There are two kinds of relationships in this world – one that lasts a lifetime and one that doesn’t. The current relationship you have right now can be either – it all depends on what you actually do.
There are relationships that vanish after one messy fight and there are those who stay and fight it out until they’ve exhausted all possible solutions to save the relationship.
If you want to be the latter, here are 6 steps on how to save a relationship:
Before you even begin to try to save your relationship, you have to ask yourself if you really want to. You need to ask whether or not you’re acting out of pride, out of desperation, or out of sheer loneliness. Your relationship might be crumbling for a good reason – is it worth saving? Or is the damage too devastating that you won’t be able to love this person the same way ever again?
If the relationship is abusive, such as becoming violent or physically threatening, then it’s not worth saving. Your life is worth saving and not the relationship. But if all the elements of a healthy relationship are there but it’s just tinted with misunderstandings and some shortcomings from both parties, then you know it’s worth saving.
2. Deciding Together
You can’t fight the world alone – if you want to save your relationship against all odds, the fight has to come from the both of you. If you want to go to a couples counsellor but your partner doesn’t, you need to find an alternative solution.
If you’re the only one who decides your union is worth saving, then be prepared for some serious heartbreak. You and your partner must feel the same way in terms of fighting for the relationship.
Things get real when you have to make compromises to make your partner happy. Humans are naturally selfish and it can be difficult to think about people when they’ve been in your life for a long time. While you want to play basketball with your friends every night until you’re so exhausted all you want to do is take a shower and go to bed, you also have to think about your spouse or partner who’s waiting for you at home.
Making compromises to meet each others’ needs is one of the biggest steps to saving your relationship.
4. Remember, Remember, Remember
Do you have pictures of your good old days? Is the restaurant where you had your first day still open? And do you still have that outfit you wore the night that you both fell in love with each other? Then get those photos out and reminisce, go back to that restaurant, and wear that special outfit on your date night.
Remembering how you fell in love and why you even fell for your partner is an excellent way to bring back the spark.
5. In With the New
You may go to yoga class together, but it’s now become dull and mundane. Do something that the both of you have never done before. Plan to take tango dance classes even though the both of you have two left feet. Or take a Thai cooking class when both of you hate spicy food. Explore new experiences and get to know each other once again. You might even fall in love for the second time around – but still with your partner.
6. Romantic Gestures
You can’t be romantic if you still have resentments over your partner’s wrongdoings.
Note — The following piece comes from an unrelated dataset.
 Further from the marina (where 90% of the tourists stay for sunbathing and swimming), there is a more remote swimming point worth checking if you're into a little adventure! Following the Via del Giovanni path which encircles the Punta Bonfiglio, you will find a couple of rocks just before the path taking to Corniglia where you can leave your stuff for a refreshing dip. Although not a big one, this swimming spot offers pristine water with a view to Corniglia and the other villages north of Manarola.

So before you even think about going to that tropical island or booking a suite at a luxury hotel, make sure all your baggage are left behind.
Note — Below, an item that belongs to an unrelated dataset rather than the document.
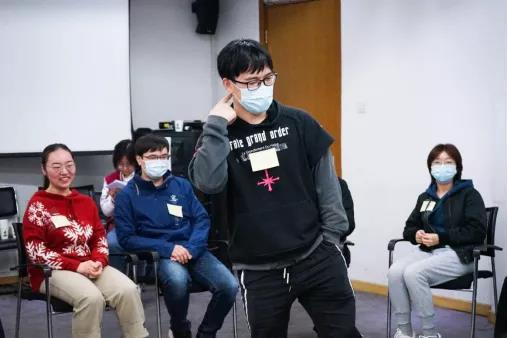 活动伊始,主持人小治首先带领大家玩起了“大风吹、小风吹”的游戏,通过说出不同的条件进行换位活动,让每个人都参与到游戏中来。在紧张地抢板凳地过程中,大家逐渐放松起来,会议室里传出阵阵笑声。

You have to make sure that you’ve done your self-evaluation, that you’ve both decided to make it work, that you’ve agreed on compromising, that you’ve remembered why you fell in love, and that the spark has rekindled. Without these steps, it will be very hard for you to be romantic with your partner.
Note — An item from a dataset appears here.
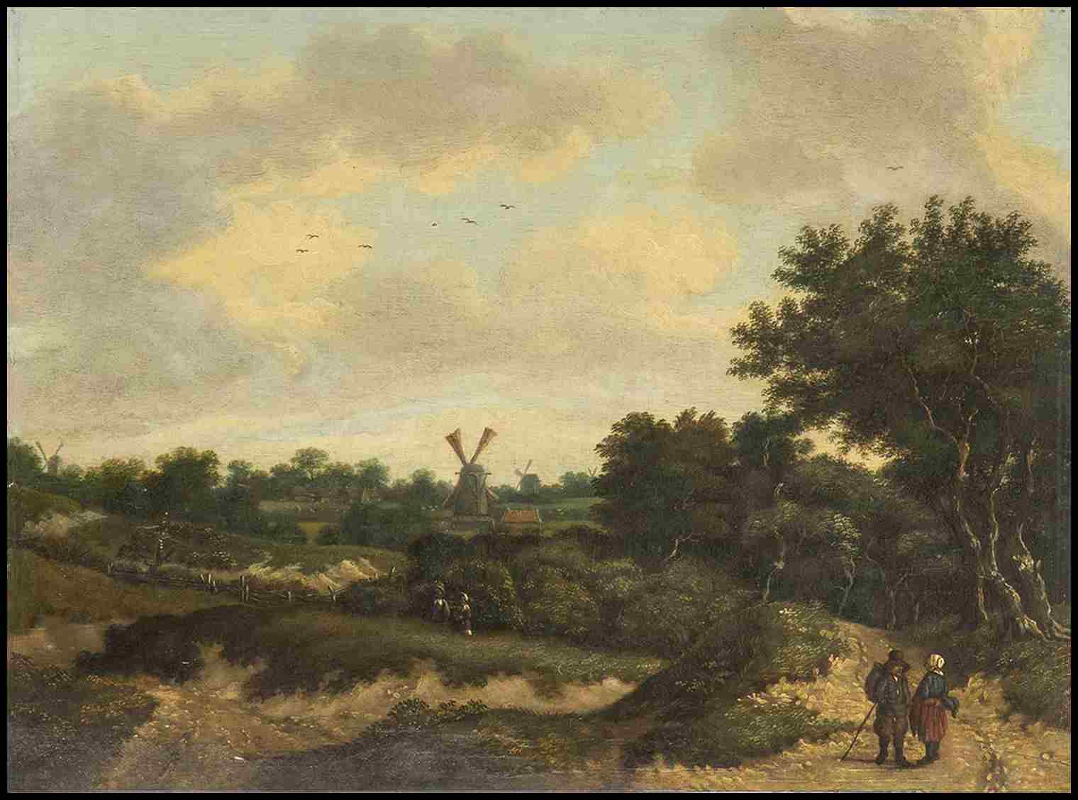 Paesaggio con contadini e mulini a vento

And once you’ve forgiven, make that plan to go out of town, and make small romantic gestures every single day. It can be as simple as a post-it note saying “I love you,” or as elaborate as 100 roses delivered to your spouse’s office.
Saving a relationship takes more than one person – the effort has to come from both parties and both have to decide to make it work despite everything. Take these tips on how to save a relationship and hopefully have the relationship that lasts a lifetime.